Reinforcement Learning (GRPO): The SFT checkpoint is further trained via GRPO with trajectory-level group-relative advantages, dynamic filtering, and verifier-based outcome rewards. A fine-tuned user model ensures stable rollouts.

Infrastructure

All RL training is conducted using the AReaL framework on 80 H200 GPUs (10 nodes).
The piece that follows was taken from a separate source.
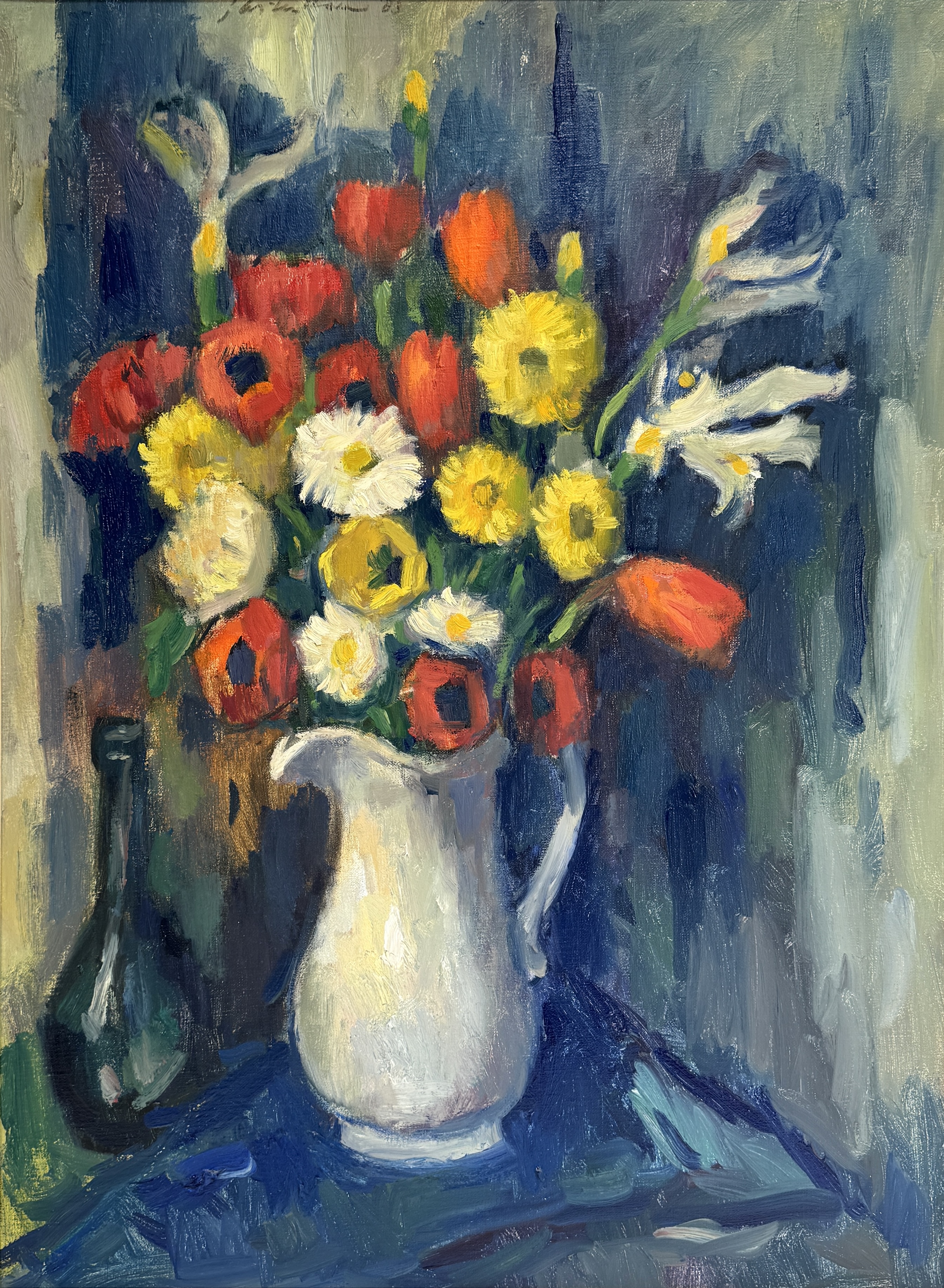 Schilderij van Jan ten Have (1903-1991) uit 1983, uitgevoerd in olieverf op doek, voorstellende een levendig bloemstilleven. Het werk toont rode, oranje, gele en witte bloemen in een witte kan en donkere fles, geschilderd met dikke, zichtbare penseelstreken tegen een donkere achtergrond. Linksboven gesigneerd "Jan ten Have" en gedateerd "83". Zeker zijn van deelname? Plaats vanaf 22 augustus een schriftelijk bod online! |

AReaL's fully asynchronous pipeline decouples rollout generation from policy training, maximizing GPU utilization for large-scale multi-turn agentic RL.

Hyperparameters

	SFT	RL
Batch Size	128	256 (16×16)
Learning Rate	1e-5	1e-5
Epochs / Steps	10 epochs	—
Max Context Length	32,768	32,768
Max Gen Tokens / Turn	—	8,192
Temperature	—	1.0

Training Data

This repo includes the synthetic training data:

File	Description	Samples
`sft_merge.jsonl`	SFT training data (all 3 domains)	33,531
`rl_merge.jsonl`	RL training data with verification functions	1,982
`tau2_rl_database/`	Environment database states for RL rollouts	—

Data Format

Each sample in rl_merge.jsonl contains:

id: Unique task identifier (e.g., airline_1, telecom_1)
user_scenario: User persona, instructions, known information, and behavioral guidance
evaluation_criteria: Ground-truth action sequences and assertion-based verification functions
db_path: Path to the corresponding environment database

Usage

The model can be used as a drop-in replacement for any Qwen3-235B-A22B-compatible inference setup. For τ²-bench evaluation:

# Follow the τ²-bench evaluation protocol
# Use GPT-4.1 as user simulator for fair comparison
# Report pass^k metrics (all k attempts must succeed)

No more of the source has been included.